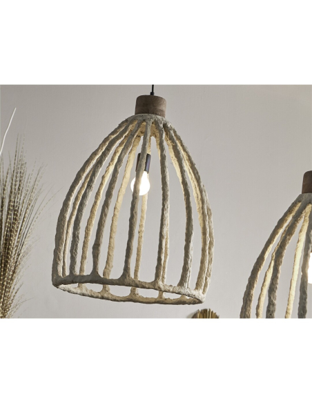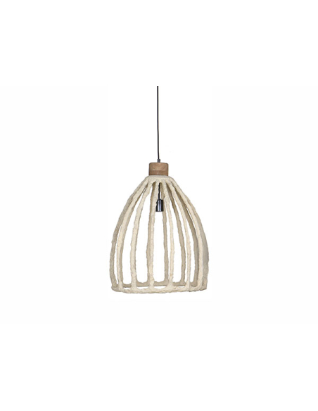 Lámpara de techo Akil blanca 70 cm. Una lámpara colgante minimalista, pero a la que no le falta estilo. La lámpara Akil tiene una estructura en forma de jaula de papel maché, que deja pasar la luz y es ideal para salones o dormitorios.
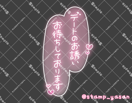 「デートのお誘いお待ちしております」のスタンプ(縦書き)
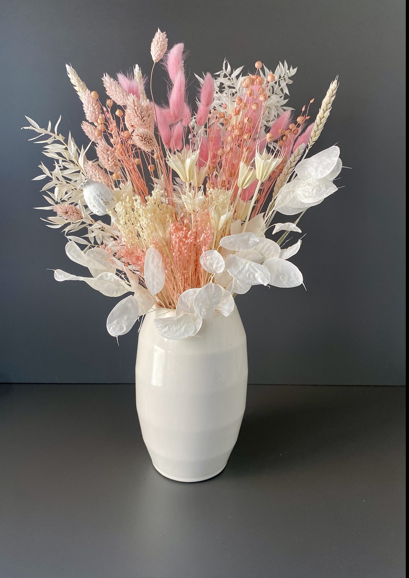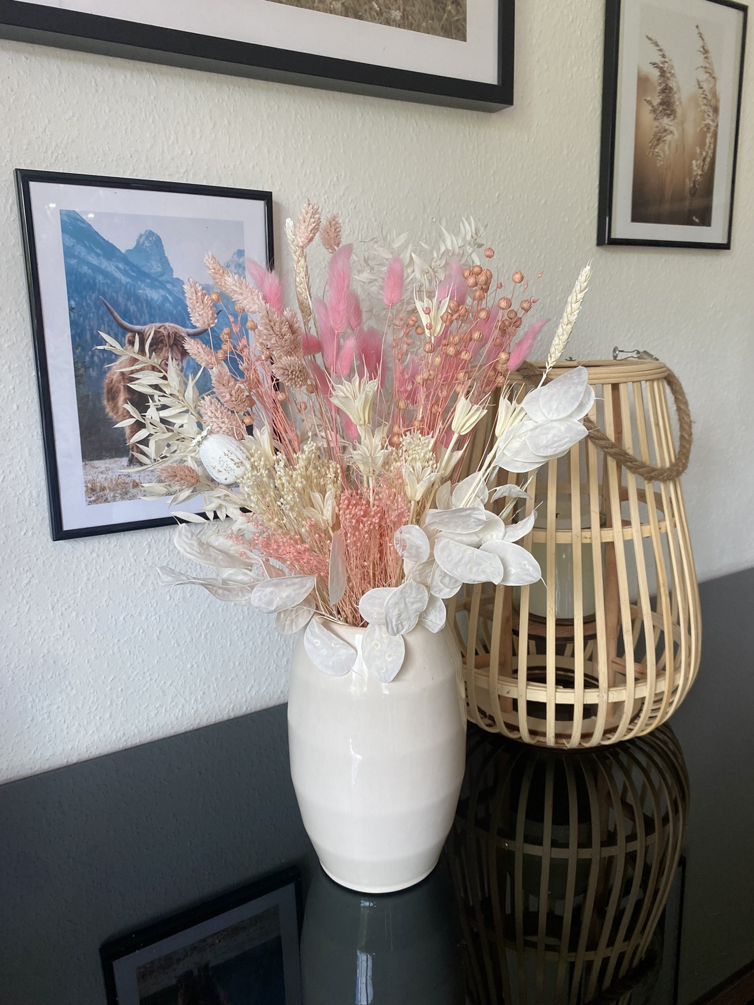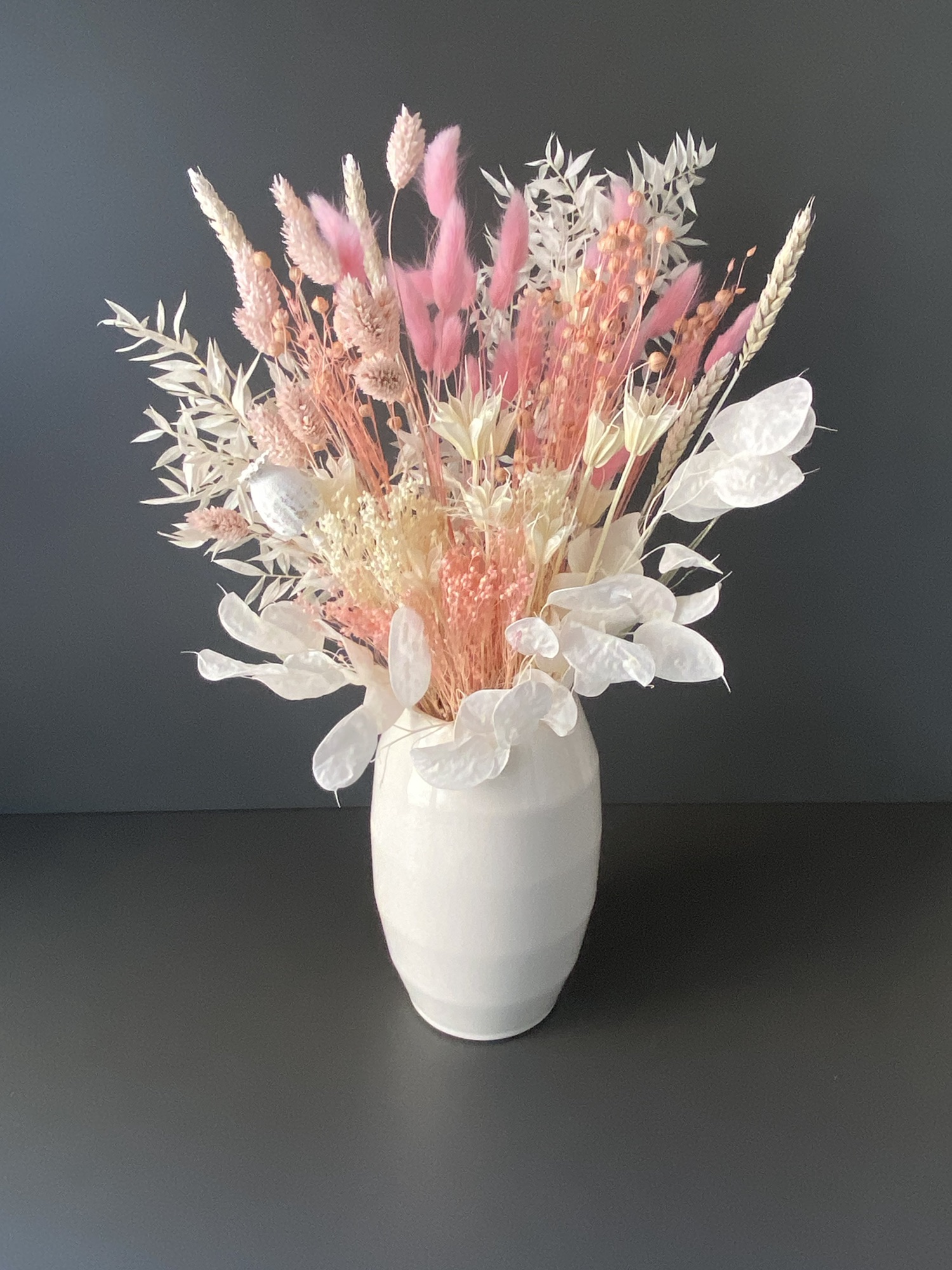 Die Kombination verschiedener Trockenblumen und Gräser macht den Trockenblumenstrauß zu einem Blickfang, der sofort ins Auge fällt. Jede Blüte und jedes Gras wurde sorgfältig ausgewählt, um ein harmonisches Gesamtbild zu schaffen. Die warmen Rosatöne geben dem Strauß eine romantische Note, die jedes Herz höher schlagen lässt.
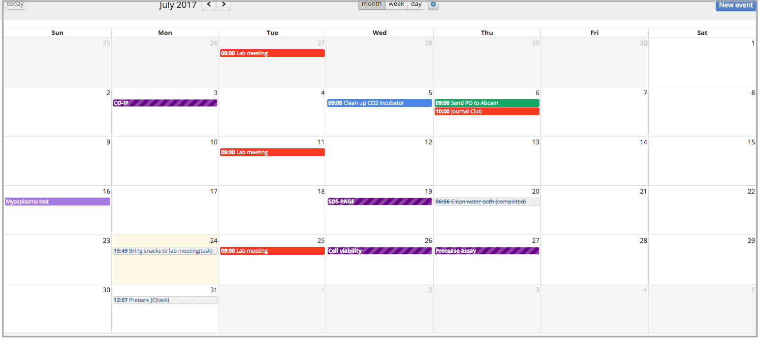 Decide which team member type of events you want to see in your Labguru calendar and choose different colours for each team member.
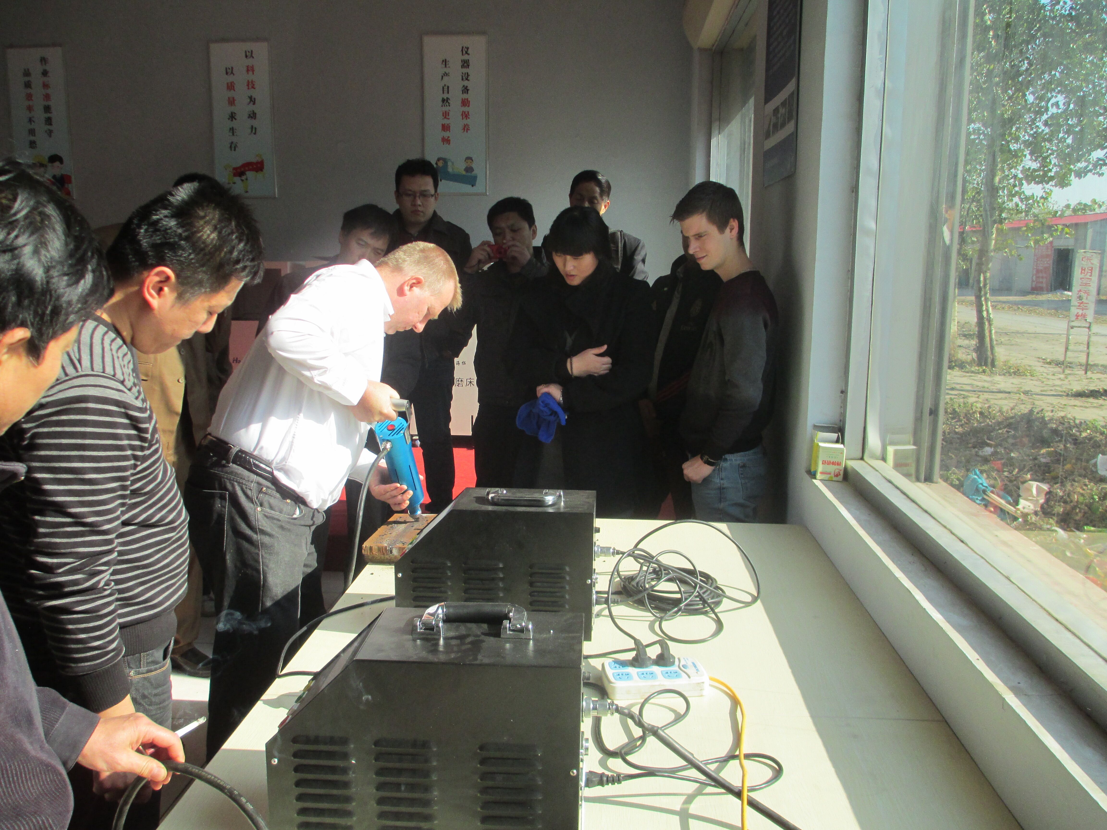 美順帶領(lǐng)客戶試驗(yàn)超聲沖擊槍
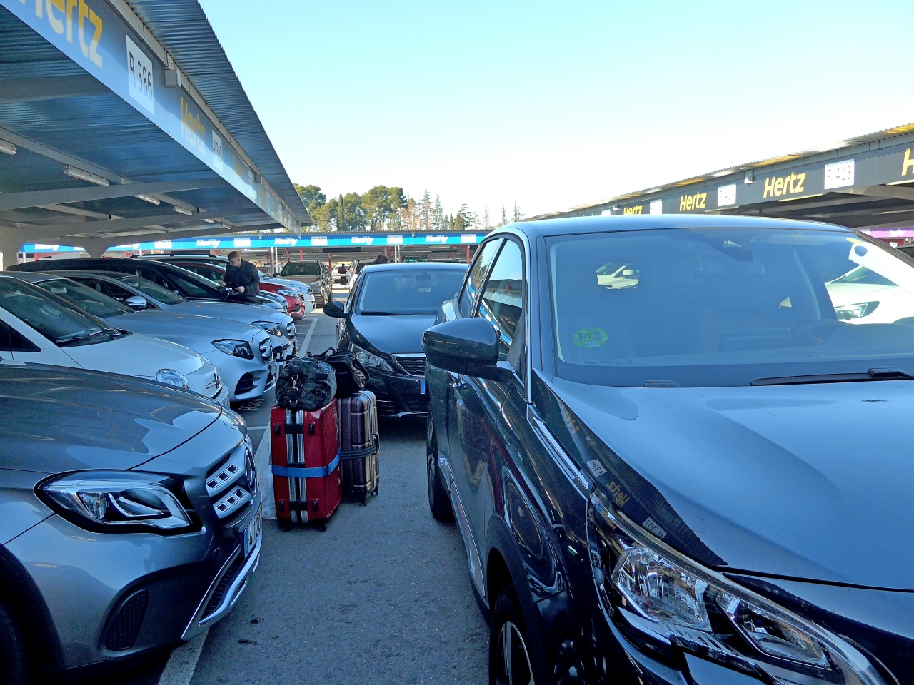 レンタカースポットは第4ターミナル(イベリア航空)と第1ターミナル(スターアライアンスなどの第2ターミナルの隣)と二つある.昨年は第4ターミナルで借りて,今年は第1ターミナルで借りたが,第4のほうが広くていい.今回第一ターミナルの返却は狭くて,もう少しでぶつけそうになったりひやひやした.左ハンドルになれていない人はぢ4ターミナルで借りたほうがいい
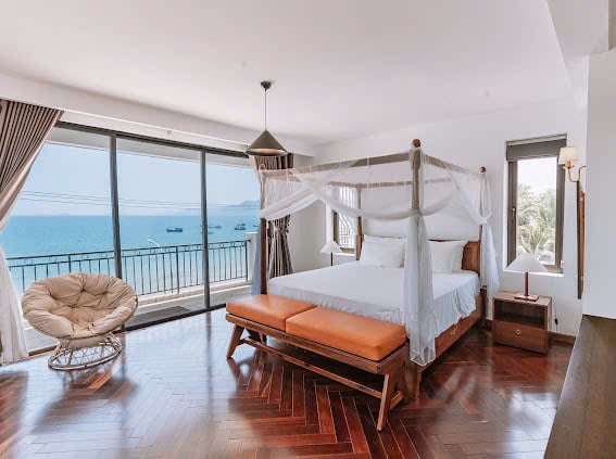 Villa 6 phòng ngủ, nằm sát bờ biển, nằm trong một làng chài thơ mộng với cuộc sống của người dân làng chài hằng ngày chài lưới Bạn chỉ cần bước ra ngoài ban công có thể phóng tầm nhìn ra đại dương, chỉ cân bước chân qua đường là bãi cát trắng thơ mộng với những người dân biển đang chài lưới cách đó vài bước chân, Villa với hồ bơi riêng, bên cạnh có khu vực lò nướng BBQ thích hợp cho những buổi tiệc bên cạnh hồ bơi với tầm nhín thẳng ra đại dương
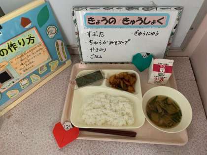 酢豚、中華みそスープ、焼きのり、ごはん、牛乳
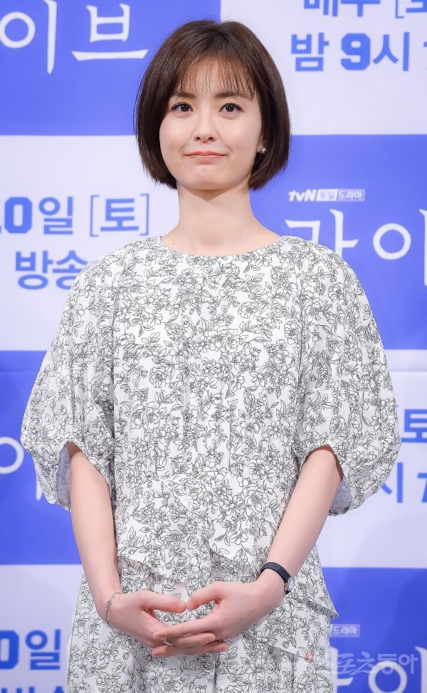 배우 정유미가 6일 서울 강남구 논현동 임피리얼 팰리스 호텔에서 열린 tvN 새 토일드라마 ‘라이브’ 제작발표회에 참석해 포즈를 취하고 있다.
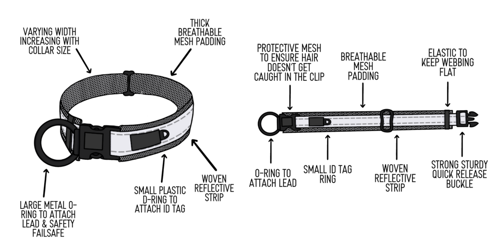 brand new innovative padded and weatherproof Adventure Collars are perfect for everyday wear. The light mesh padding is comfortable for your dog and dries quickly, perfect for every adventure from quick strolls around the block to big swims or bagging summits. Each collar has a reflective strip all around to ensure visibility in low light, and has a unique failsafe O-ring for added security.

> **Action item**
Your output should be the lines from the line containing "배우 정유미가 6일 서울" through the last line of the listing above, restated exactly, with no pictures among them.

> **Answer for the task**
 배우 정유미가 6일 서울 강남구 논현동 임피리얼 팰리스 호텔에서 열린 tvN 새 토일드라마 ‘라이브’ 제작발표회에 참석해 포즈를 취하고 있다.
 brand new innovative padded and weatherproof Adventure Collars are perfect for everyday wear. The light mesh padding is comfortable for your dog and dries quickly, perfect for every adventure from quick strolls around the block to big swims or bagging summits. Each collar has a reflective strip all around to ensure visibility in low light, and has a unique failsafe O-ring for added security.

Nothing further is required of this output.